The combined sensitivity of commercial BP180 and BP230 ELISAs increased from 92% to 97% when the ECD-BP180 assay replaced the BP230 ELISA kit (Figure 2A). In particular, six of seven BP sera that showed no reactivity against BP180-NC16A and BP230 antigens (double negative) became positive via ECD-BP180 ELISA (Figure 2A). Interestingly, among seven double-negative BP sera, five were gliptin-associated BP, and all were positive via ECD-BP180 ELISA.

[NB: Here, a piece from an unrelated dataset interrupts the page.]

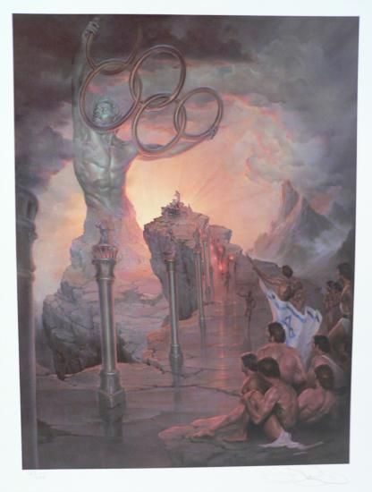 Born in 1942 and educated in the fine arts at the prestigious Art Students League in New York City, John Pitre evolved to become a master of fantasy and surrealism. Pitre has been a significant influence in the art world for over thirty years, and carries the distinction of being one of the most widely published artists in modern history. As a storyteller, Pitre uses his paintbrush to comment on the most profound questions concerning man, and to create a reflection of our times and the world in which we live. He creates entire imaginary worlds completely from his mind, using artistic expression as a vehicle for powerful social commentary. Well before they became the significant social issues of our times, Pitre's surrealistic renditions of the threat of overpopulation, the ominous shadow of nuclear war, and the ecological deterioration of our planet became widely popular as poster images, selling in the millions. One image alone, "Restrictions", sold an estimated seven million copies. Through his art Pitre continues to bring to our attention important aspects of our human condition, and as a result of his visionary talents, his social commentary paintings are now considered twentieth-century classics. A modern day DaVinci, Pitre holds numerous patents to his name. He is a pioneer in many fields; he explored the depths of the oceans with diving gear he designed himself, long before commercial dive equipment was available. His affinity for the high seas led to designs for generating electricity from ocean waves and currents. Pitre is also an accomplished pilot who has learned to fly every form of aircraft available to him, including a unique, one of a kind configuration that he personally conceived of, engineered, and built. Still an adventuring aviator; he now owns and flies his own helicopter. Based on his meticulous study of human anatomy in the arts, Pitre has designed some of the world's most advanced fitness equipment, that can be seen today in many of the world's finest gyms. His credits in this field include the Questar line of fitness equipment and the ROM (Range of Motion) machine, which was awarded the "Best of What's New" designation in 1993 by Popular Science Magazine; and the Time Works device that led to one of TV's most successful infomercials. He also developed and patented a new proprietary formulation for artist's paint based on space age polymers, that is now sold worldwide. (Genesis Paint) Look beyond the surface, and into the depths of paintings by John Pitre, and you will look into the mind and soul of one of mankind's great thinkers. Through his social commentary art and visionary paintings he shares his vision of our purpose in the universe, and reminds us of the responsibilities we have as moral beings and as stewards of our planet. He tells about life as a human citizen here on Earth, warning about its difficulties and pitfalls, but also portrays the beauty and magic that each one of us possesses within. He encourages us to follow our longings and aspirations to achieve our dreams, but to hold dear the relationships we have with all other men. Pitre's work is transcendental in nature and many people derive their own profound yet private meaning from his paintings. When describing Pitre's work, most people speak not of its appearance, amazing as it is, but rather of their own personal moment of epiphany inspired by the paintings of this master.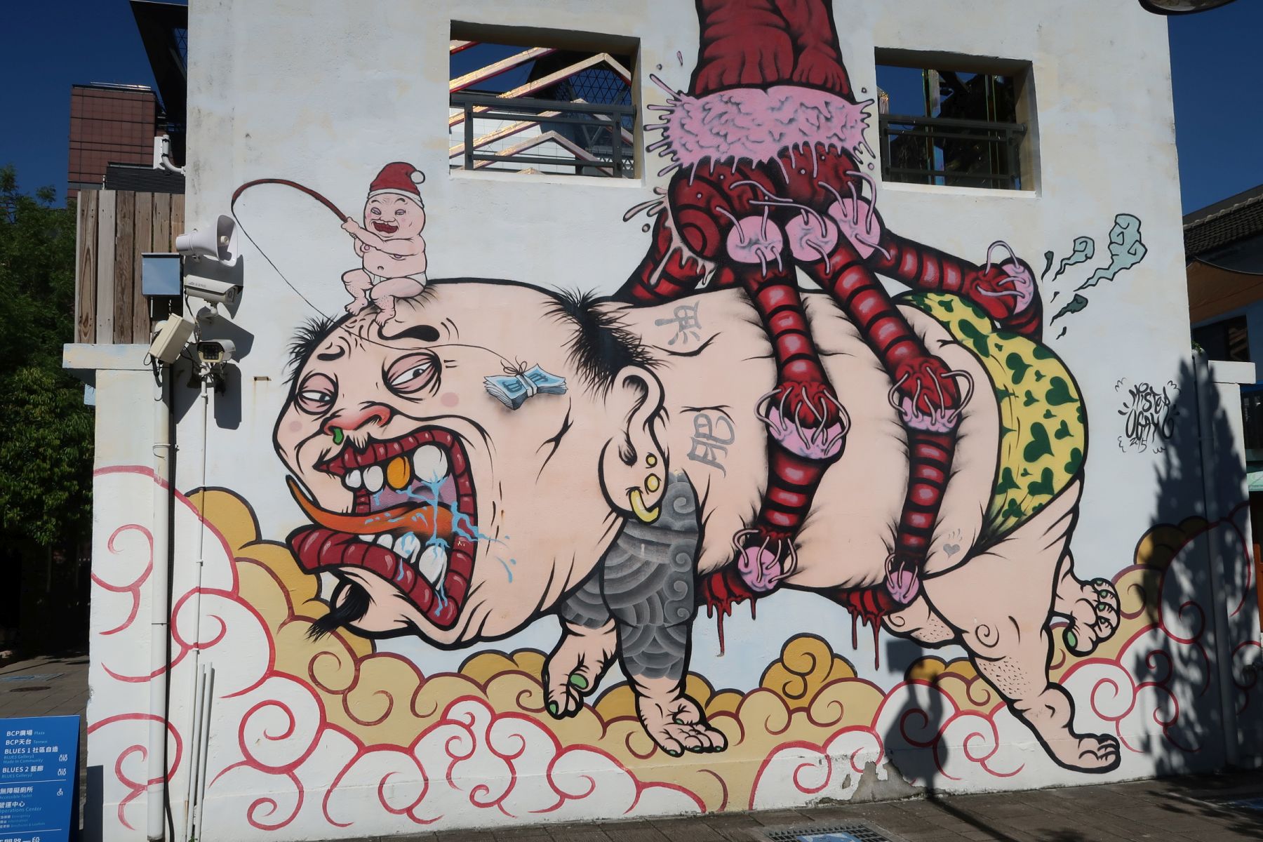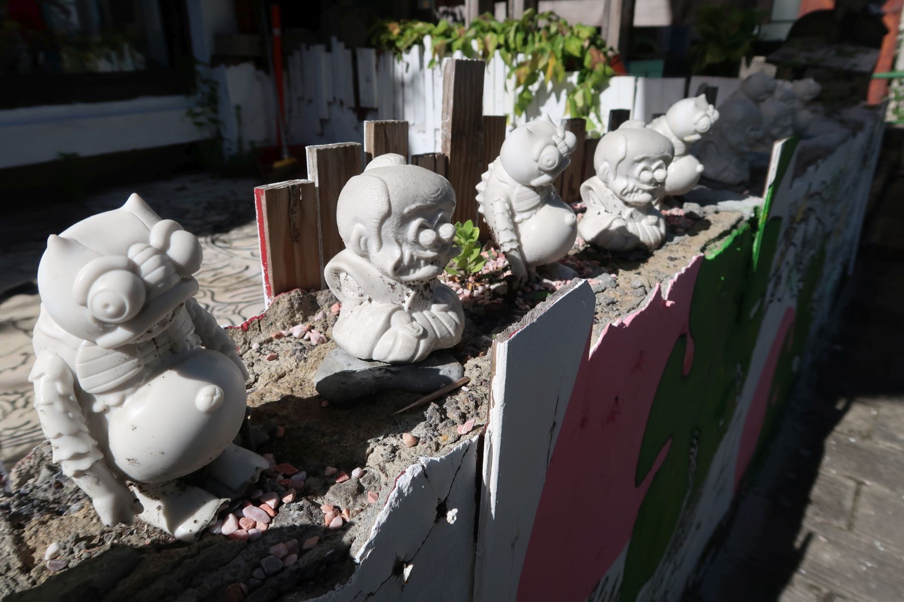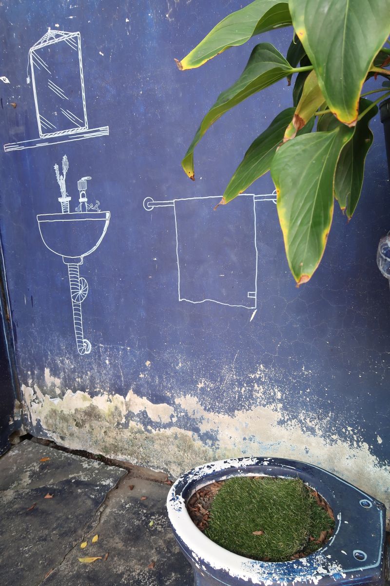 Die Wände der Bauten diente als Leinwand für schöne Bilder und lustige Karikaturen. Auch das „blaue“ Häuschen mit den 2D-Zimmern gefiel uns.

ELISA and immunoblotting reactivity to BP180 of bullous pemphigoid sera. (A) Scatter plot representation of IgG reactivity of bullous pemphigoid (BP) sera tested in BP180-NC16A and ECD-BP180 ELISAs. Red dots represent sera negative for both NC16A and BP230. The cutoff value is indicated by the dashed black line; PIV, pemphigoid index value, calculated as reported in Materials and Methods. (B) Immunoblotting filters showing IgA reactivity of BP and normal donor (ND) sera against recombinant ECD-BP180. Representative BP sera (1, 2, 3, and 4 positive and 5 negative), two ND (6 and 7 negative), and positive control serum (C+) are shown in the figure.
As for IgA humoral response, more than half (30/55, 55%) of analyzed BP reacted with ECD-BP180 by IB (Figure 2B). No difference in the detection of IgA and IgG autoAbs to ECD-BP180 between BP with and without mucosal involvement was observed (IgA: 57.9% vs. 57.6%, p > 0.999; IgG: 80% vs. 83%, p = 0.750).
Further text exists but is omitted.